The next line Whistler writes in the Flirting with Danger text: “Her focus is on one spot that she balances between her fingers” serves as the translation for the recurring circular spot seen through Whistler’s works. This spot is meant to serve as a guiding source of strength for the swinging figure and it appears again in Vulnerability where the portraits of Botticelli’s Graces have been recreated. Removed from their lush garden, here they rest on a flat white background, their gazes fixed on this tiny circular spot.  In this instance the spot seems similarly to be representative of strength, serving as a guide for the Graces or a hope of freedom from their endless dance.

Deborah Whistler, “Vulnerability”, 2020. Pen and ink, framed 39″ x 40″. Photo courtesy of Moremen Gallery.

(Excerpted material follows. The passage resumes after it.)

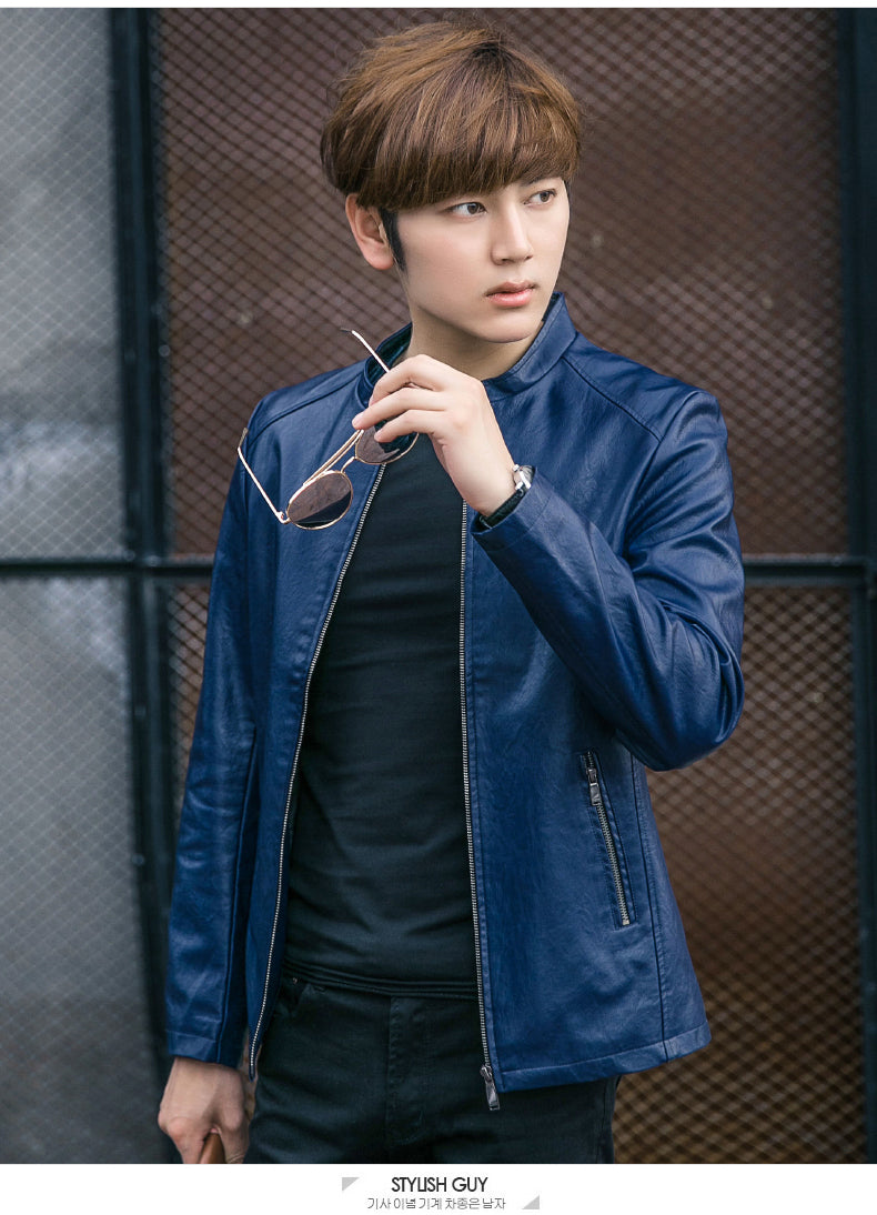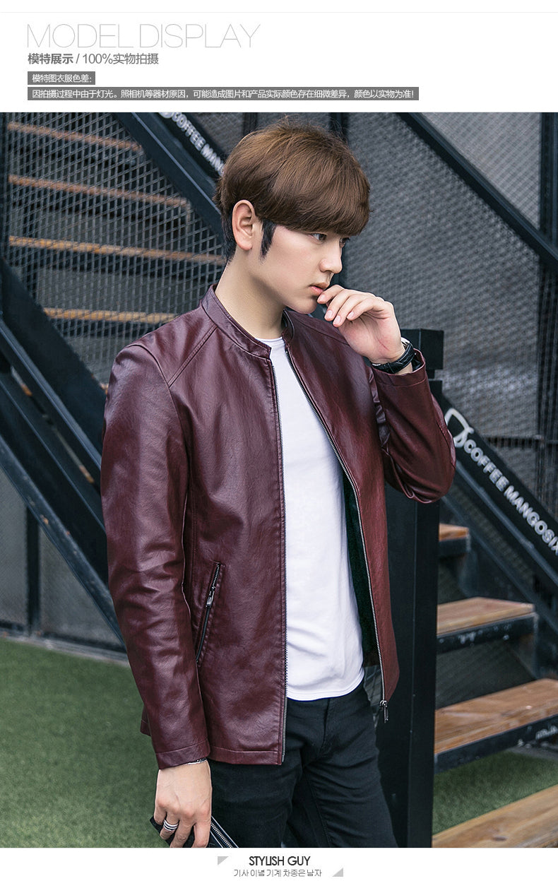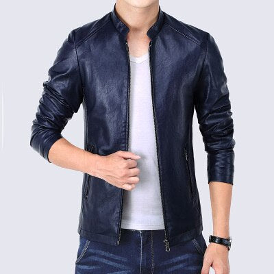 Faux Leather Black Jackets Coat Men Slim Fit Mens Windbreaker Jackets Zipper Pocket Stand Collar British Vintage Outerwear

In this way, her recreations also feel like an attempt at rescue. Is the spot the source of their transference from one environment to another? In her work A Siren’s Kiss, the composition focuses on the head of Chloris – as depicted in Botticelli’s Primavera – at the moment of her abduction by Zephyrus (God of the West Wind). The vining flowers escaping her open mouth allude to her eventual transformation into the Goddess Flora. In the original myth, Zephyrus rapes Chloris, makes her his wife, and then as a gift grants her dominion over flowers. Pulling Chloris out of Zephyrus’ grasp removes her from the storyline of having to be abducted and raped before she can become a goddess. Instead, in Whistler’s depiction, she seems to transform of her own volition or, in other words, she is able to use her own strength to give life, her own breath to pollinate the world.

Deborah Whistler, “A Siren’s Kiss”, 2021. Pen and ink, framed 33″x 36″. Photo courtesy of Moremen Gallery.

In paintings that were once about the female figures as objects to behold, Whistler’s copies of them are meant as an attempt to allow them to reclaim their power. To shed their objecthood and become autonomous in their own stories:  as givers of life, as sexual beings, but mainly as strong women. She has even reclaimed the mythical figure of the Siren – once a monster disguised as a woman to lure men to their deaths – now a deity of Spring. To accompany her drawings of the women, Whistler has created beautifully drafted drawings of bees and cicadas hinting at the continued cycles of life and death, spring and winter, and the cycles of women and the ability to give life.

Through all of this, Whistler’s exhibition celebrates the feminine. A feat she accomplished by, as noted, removing her female characters from their original spaces. In their original environments, their space was inherently masculine – disguised as an ocean view or a lush garden – but meant for the male gaze and meant to restrict the movement and control the figures being represented. In relocating them, she transfers them to a no-place, an environment devoid of background or context, but one that is still not without its inherent dangers. The Siren, after all, still loses its wings.

The curatorial text for A Siren’s Kiss notes: “In a cultural climate where female sexuality and beauty is often constrained by political correctness, Deborah Whistler’s works burn through conventional ideals with all the fiery passion of the siren’s kiss.” It is difficult to reconcile this line in an exhibition about “burning through conventional ideals” when the figures recreated are all from representations of ideal beauty. And perhaps this is why it feels so difficult to get past the continued copies of these idealized masterworks and focus on the underlying theme of the exhibition.

While Whistler’s goal was to celebrate female empowerment and sexuality, one cannot help feel that it falls short by constraining that female empowerment and sexuality around idealizations of beauty. In fact, repeatedly using the figure of Venus feels more like it is reinforcing that traditional female tropes – beauty, fertility, love – are inherently fragile, and that only those who fit into these idealized forms are worth empowering. While it is noteworthy to create a body of work that seeks to celebrate female sexuality, by holding on to these original idealizations, even after relocating the figures she maintains the point of their original creation – to serve as ideals for the male gaze.

Deborah Whistler’s “A Siren’s Kiss” is on view at Moremen Gallery in Louisville, Kentucky, through July 17, 2021.